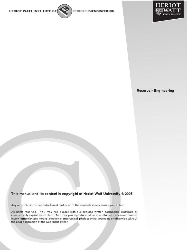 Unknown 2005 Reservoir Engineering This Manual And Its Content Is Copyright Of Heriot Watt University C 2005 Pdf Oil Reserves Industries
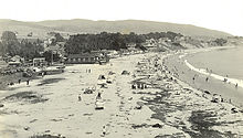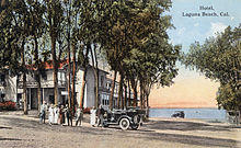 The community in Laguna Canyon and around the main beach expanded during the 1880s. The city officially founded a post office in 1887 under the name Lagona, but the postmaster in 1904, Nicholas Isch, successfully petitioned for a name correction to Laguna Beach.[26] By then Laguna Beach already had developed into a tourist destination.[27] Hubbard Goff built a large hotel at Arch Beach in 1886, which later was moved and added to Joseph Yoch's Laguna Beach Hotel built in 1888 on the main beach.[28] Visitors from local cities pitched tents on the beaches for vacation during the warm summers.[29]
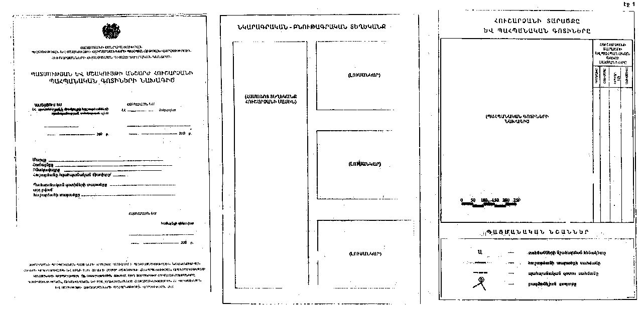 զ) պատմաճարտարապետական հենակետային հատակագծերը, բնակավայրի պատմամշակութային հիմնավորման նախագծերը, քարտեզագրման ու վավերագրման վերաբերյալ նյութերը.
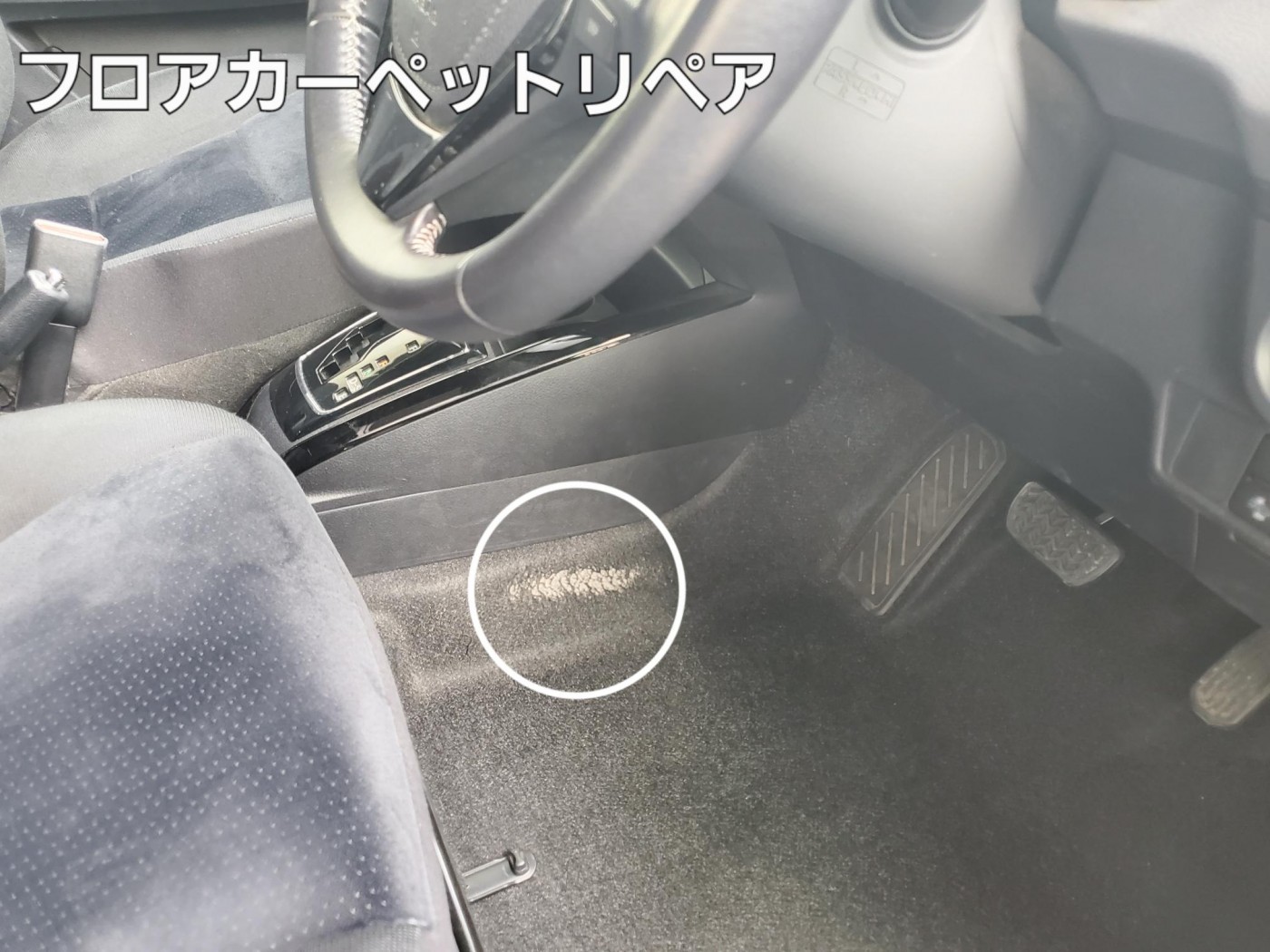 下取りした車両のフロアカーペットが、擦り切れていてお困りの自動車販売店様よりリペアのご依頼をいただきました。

...

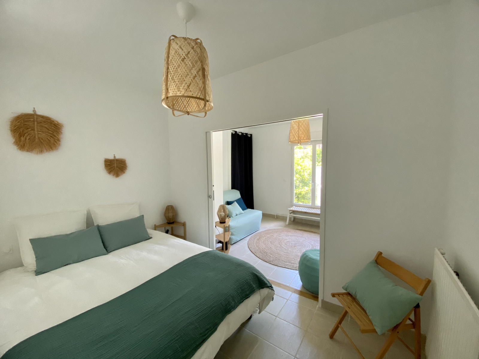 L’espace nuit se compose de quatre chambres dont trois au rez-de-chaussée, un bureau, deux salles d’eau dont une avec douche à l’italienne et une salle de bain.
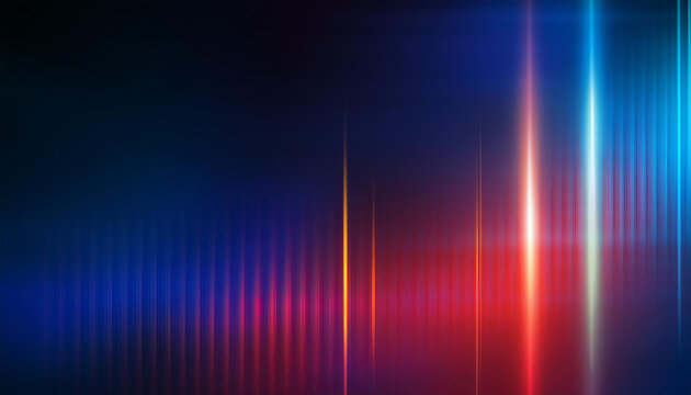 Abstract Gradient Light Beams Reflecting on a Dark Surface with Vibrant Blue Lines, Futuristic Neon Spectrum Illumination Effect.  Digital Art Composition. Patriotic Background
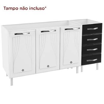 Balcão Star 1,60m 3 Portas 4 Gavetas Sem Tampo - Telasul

---

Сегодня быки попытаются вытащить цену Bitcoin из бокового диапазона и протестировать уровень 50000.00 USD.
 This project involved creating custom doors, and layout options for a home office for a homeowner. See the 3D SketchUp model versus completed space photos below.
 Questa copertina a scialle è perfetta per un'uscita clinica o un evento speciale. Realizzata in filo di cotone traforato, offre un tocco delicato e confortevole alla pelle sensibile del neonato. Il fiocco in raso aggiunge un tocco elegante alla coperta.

> _What to do_
In the data above, retype only the stretch from the line with "L’espace nuit se" through the line with "Balcão Star 1,60m", word for word, and skip any pictures.

> _Answer area_
 L’espace nuit se compose de quatre chambres dont trois au rez-de-chaussée, un bureau, deux salles d’eau dont une avec douche à l’italienne et une salle de bain.
 Abstract Gradient Light Beams Reflecting on a Dark Surface with Vibrant Blue Lines, Futuristic Neon Spectrum Illumination Effect.  Digital Art Composition. Patriotic Background
 Balcão Star 1,60m 3 Portas 4 Gavetas Sem Tampo - Telasul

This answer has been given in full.